His last voyage is to the land of Houyhnhnms, the beautiful talking horses who have no word for lie in their language and can only express the idea in the periphrastic phrase “He said the thing which is not”. But they must live alongside the frightful human-like Yahoos.
Here is an ideal society. By the time Gulliver leaves he can bear his own kind no longer. Every human is now a Yahoo, even the kindly ship captain Pedro de Mendez, who rescues him. Gulliver becomes a recluse, preferring the company of the horses in his stable to that of humans.
We are so near to perfection, it seems, and yet perfection always eludes us. Even if it doesn’t it’s soon lost forever: the land of Cockaigne in medieval romances, Shangri-La in James Hilton’s Asia-besotted romance, Atlantis, drowned beneath the sea, whose ruins are found by Captain Nemo in 20,000 Leagues Under the Sea, Xanadu, in Coleridge’s opium-fuelled fantasy. A new world is always the best kind of magic.
“This is very queer”, says Lucy as she walks deeper into the wardrobe and finds herself in the land of Narnia. The Lion, the Witch and the Wardrobe is perhaps the ultimate New World fantasy as well as the ultimate fantasy of childhood. Peter and Susan ask their host, the professor, if Lucy is mad. He says not.
“But do you really mean, sir,” said Peter, “that there could be other worlds – all over the place, just round the corner – like that?”
“Nothing is more probable,” said the professor, taking off his spectacles and beginning to polish them.
Narnia is not an ideal world, or at least it isn’t until the children get there and set things aright – thanks to the God-like lion Aslan. You need magic to get there of course: there are no New Worlds on planet Earth now the entire globe has been mapped.
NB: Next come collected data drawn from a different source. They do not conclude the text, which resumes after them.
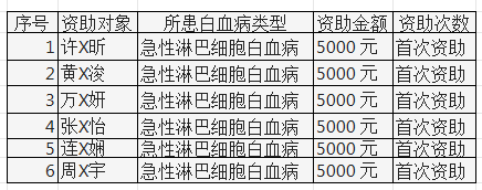 近日,广东省大爱相髓慈善基金会完成新一轮白血病儿童医疗资助审核工作。工作人员严格依据患儿治疗进度、家庭收入状况、治疗费用明细等核心材料,最终确定为6名白血病患儿分别发放5000元首次医疗资助金。目前,资助款项已通过银行转账形式全额拨付至广州市妇女儿童医疗中心,受助儿童可在医院直接使用该笔款项,专款专用保障治疗需求。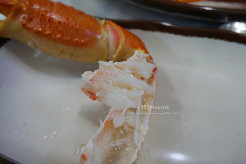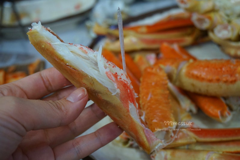 건물 전면 앞에 보이는 대게와 킹크랩의 모습.확실히 신선하긴 해요.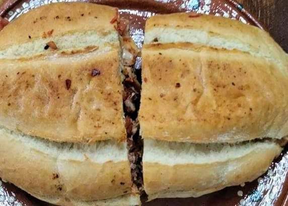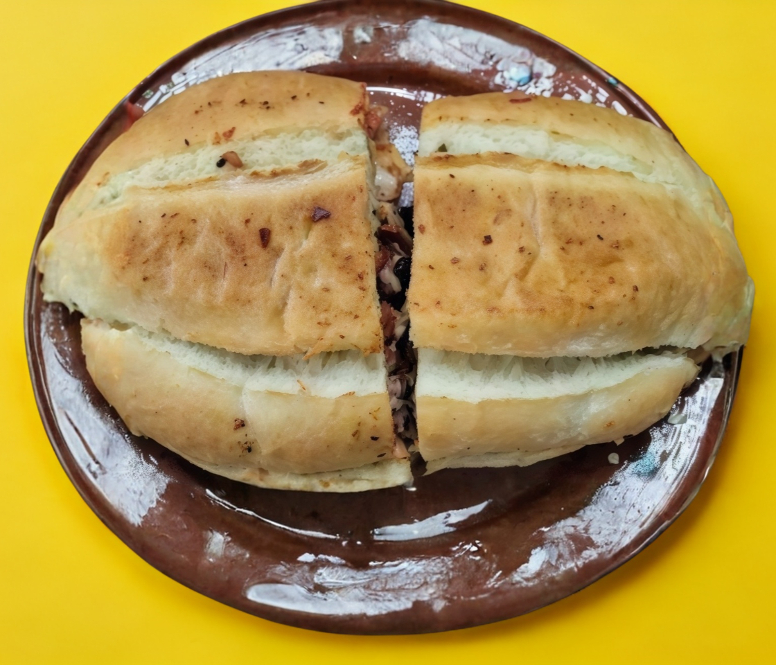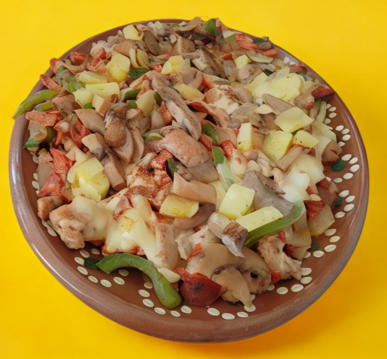 2 Tiras de bistec asado, champiñones, queso y ensalada.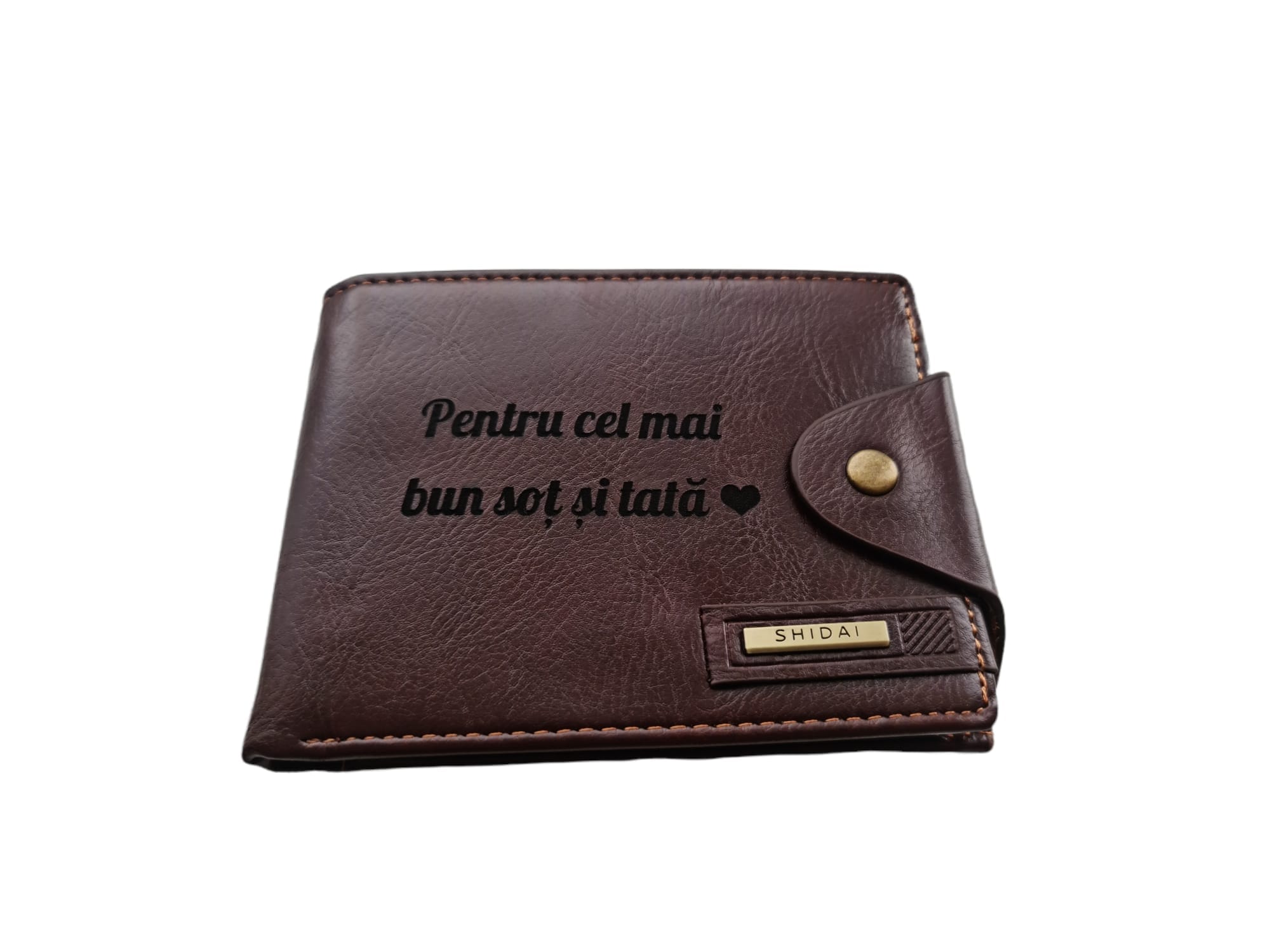 Portofel Personalizat ‘Pentru cel mai bun sot’, barbati, piele , cu capsa, maro,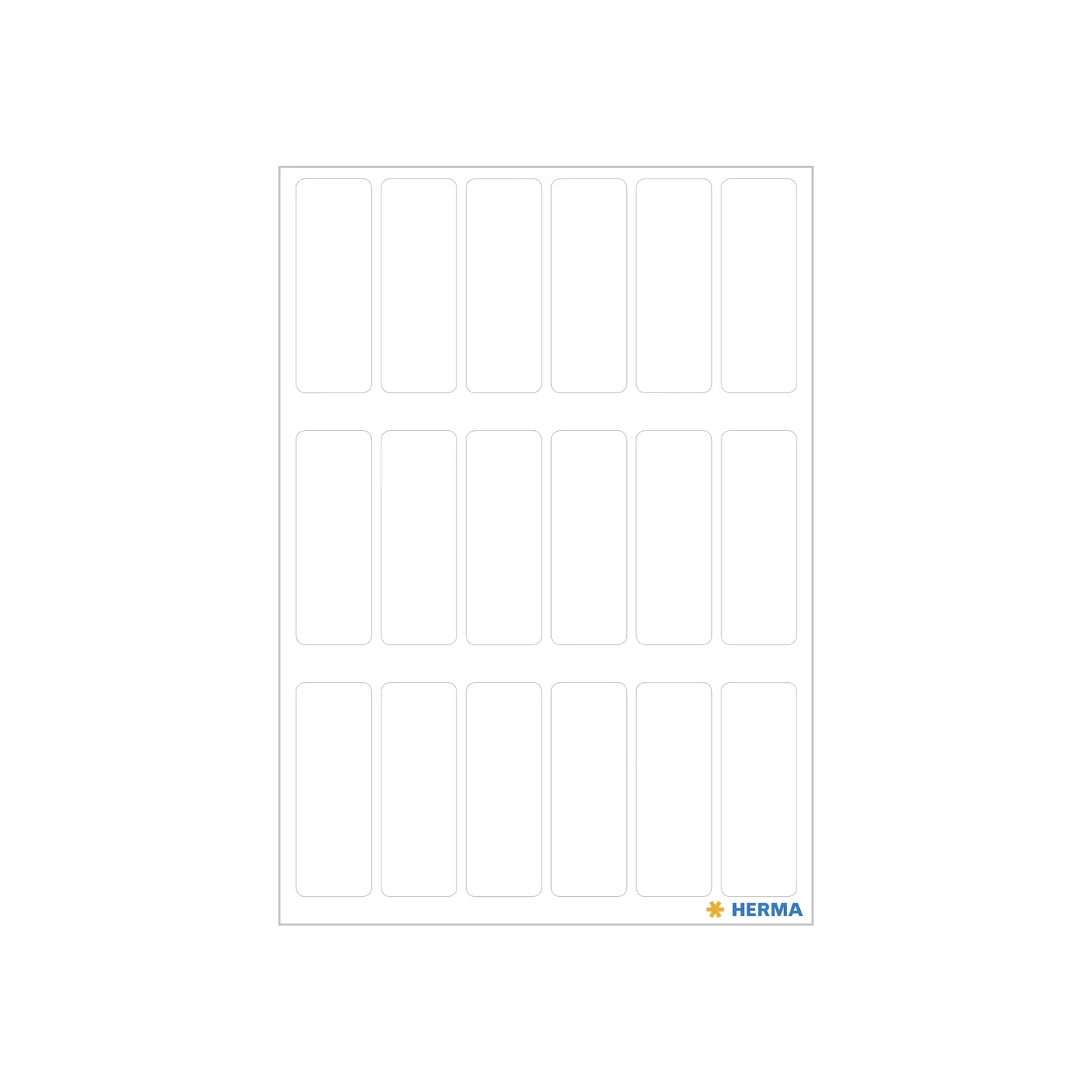 - Étiquettes ménagères blanches, aux dimensions 12 x 34 mm, 108 étiquettes par pochette

But there is always the possibility of a new planet. CS Lewis, author of the Narnia books, sent his hero Ransom first to Mars, which is a much better place than the Earth; Martians refer to it as “the silent planet”. In another novel Ransom travels to Venus and finds a new Eden, a new Eve – and a new devil.
The Star Trek trekkers travel on, with Scottie beaming them down and then up again, proud to labour for the Federation, which stands for peace, exploration, cooperation, diversity and equality: a fantasy of pre-Trumpian innocence set in the future. Star Wars is, as the title makes clear, about conflict rather than idealism: the Galaxy far, far away is the setting for the eternal fight of good against evil, with evil always making a comeback in time for the next sequel.
The magic of the New World lingers on in the real world. Many modern Europeans – especially the English – still experience a sense of liberation on landing in North America. It’s mostly a freedom from the English conventions of social class: we’re so used to them, we only notice them in their absence. I once shocked American friends when I told them that an English person can usually tell if a person has been to a fee-paying school from accent and social manner.
America is still a hierarchical society, but it’s a different hierarchy. If your American Express card is valid you’ll be respected in most places, and if that’s not exactly equality, it’s at least a refreshing change.
The New World. Where everything is better. There was a time in my hippy youth – and no doubt in everyone’s youth – when the ideal life seemed almost attainable. We hippies would get there by way of love and peace – not the worst idea anyone ever had. As Mike Heron of the Incredible String Band sang:
May the long-time sun shine upon you
All love surround you
And the pure light within you
Guide your way on
Love and peace might be worth trying in the brave New World of America, as well as in Europe and in the New Worlds that technology might bring us. Till then – well, il faut cultiver notre jardin.